# DOF from zoom lense making product shots difficult.



## leotemp (Jan 30, 2014)

Absolute beginner, I took a web design job recently that also requires a  fair amount of photos of products. We have an in-house camera but it  isn't a standard consumer camera and I have a lot of difficulty using it  due to its many options. The Camera is a Nikon D60 with a "AF-S NIKKOR  18-55mm 1:2.5-5.6G" zoom lense, it also has giant VR writte on it. 

I  have very, VERY little knowledge of photography and I am basically  looking for ideal settings, a lens recommendation or perhaps even a  cheaper camera with a non-zoom lens if that's even a thing.

Most  of my shots are of either incredibly small products smaller than a dime  or incredibly long products like a 14' fishing rod. Everything I am  shooting photos they have absurd DOF, perfectly crisp in the center but  then blurry as you move to the edges horizontally and also blurry beyond  the focues depth. If I am taking a picture of a very small product lets  use a dime as an example I can only get the image crisp by going to  manual focus and getting incredibly close but then the DOF is so "thin"  that even the front and back of the time would be blurry. Even worse as  far as I can tell there's no way for me to take a crisp shot of a long  fishing rod as I would have to be so far away from it to get the whole  thing within the focused DOF that it would be a tiny object in the photo devoid of detail.


What's  really frustrating is my smart phone takes perfectly crisp images of  products but the colors are so poor I cannot use it. What am I missing,  what can I read, what can I buy to make this problem easier. If it's  simply a matter of buying a different style of camera / lens then I'm  fine with that.

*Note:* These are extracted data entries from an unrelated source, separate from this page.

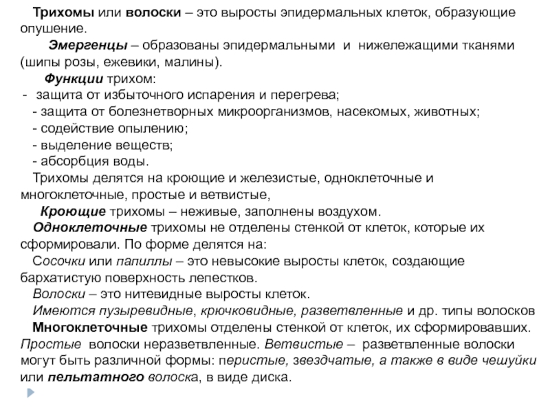 Слайд 20Трихомы или волоски – это выросты эпидермальных клеток, образующие опушение.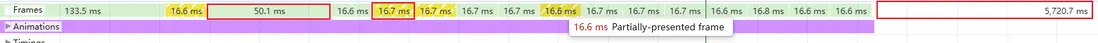 3. 紅色塊:表示幀沒有完成渲染,被瀏覽器丟棄。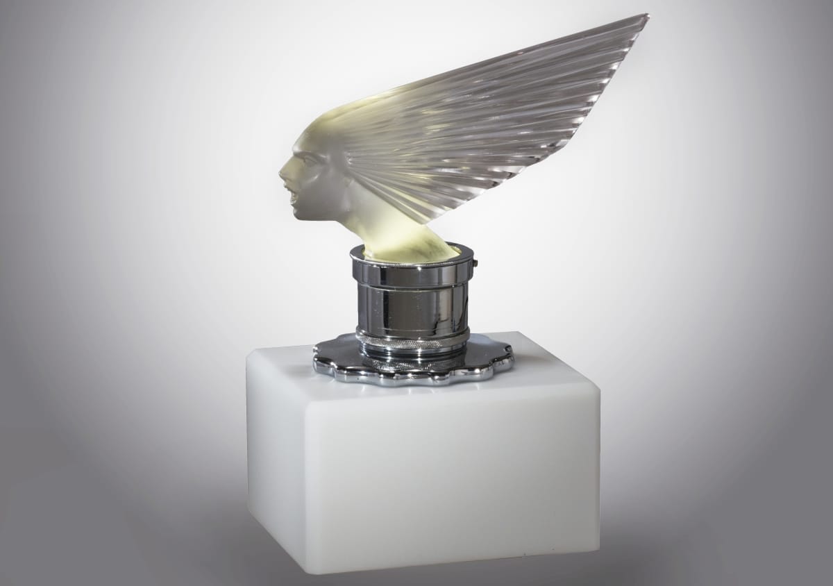 Rene Lalique created some of the most striking automobile mascots or hood ornaments. Lalique's elegant, molded-glass models enhanced the front of any luxury vehicle. The mascots could also be lit from below making them all the more impressive. These decorative mascots became a symbol of the car owner's wealth, status, and good taste.

Any advice is much appreciated, I have attached some photos below as examples.



As you can see these fishing flies are cripsish in the center but even a hook 1/8 inch away from the center focus point at things get blurry, you can also see here on the box that the lettering is clear and crips towards the center but blurry at the edges. I am sure as photographers you guys are more than familiar with the concept I am grappling with. Thanks in advance!

Leon


----------



## robbins.photo (Jan 30, 2014)

Switch to A mode (Aperture Priority) and stop down the lens by decreasing the aperture.  To decrease the aperture, increase the F number - I know that might seem backwards but apertures are actually fractions so the higher the number the lower the aperture.  I'd probably start with say F8 and take some test shots there, that will most likely do the trick.


----------



## leotemp (Jan 30, 2014)

Thanks, i will try this tomorrow, as far as that "seeming backwards" i have no idea, this is all alien to me. Thanks for taking the time to assist me!


----------



## robbins.photo (Jan 30, 2014)

leotemp said:


> Thanks, i will try this tomorrow, as far as that "seeming backwards" i have no idea, this is all alien to me. Thanks for taking the time to assist me!

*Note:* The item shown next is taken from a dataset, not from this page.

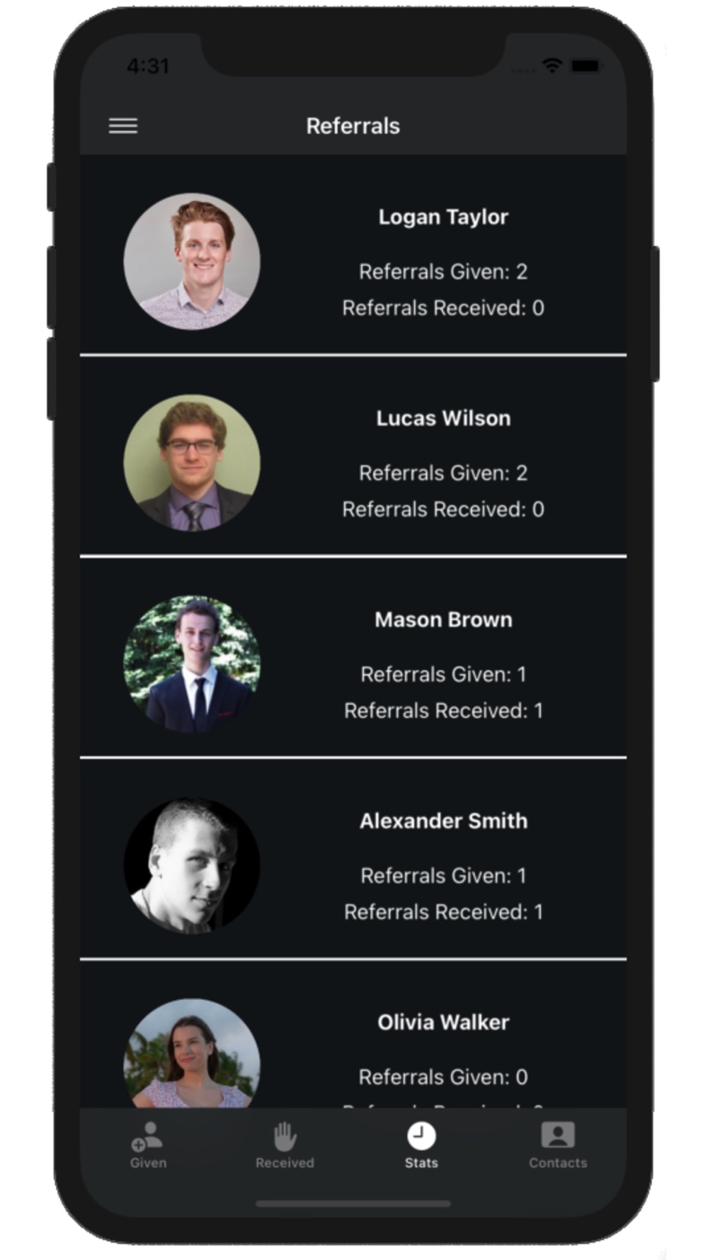 Administrators of the group are able to view the referral numbers from each member to ensure everyone is bringing value into the network.

No problem at all, happy to help.  If the results aren't sharp enough just increase the F number till you get the DOF you want, but my guess is F8 should be sufficient.


----------



## D-B-J (Jan 30, 2014)

Also, if you really have that much of an issue (after trying robbin's idea), you could always resort to focus stacking.  Although, Robbin's idea should fix it. 

Jake


----------



## leotemp (Jan 30, 2014)

Would either of you recommend getting a camera that is easier to use, something closer to my smart phone. I want to do this but i feel as though that's a bandaid solution and I would probably do better to learn to use the real thing.


----------



## KmH (Jan 30, 2014)

Point of focus (PoF) distance has a big effect on DoF when the PoF is very close, in that the DoF gets extremely shallow.

By stopping the lens down you will reducing the amount of light that can get through the smaller lens aperture and will likely start to encounter exposure issues and/or camera shake issues from having to leave the shutter open longer.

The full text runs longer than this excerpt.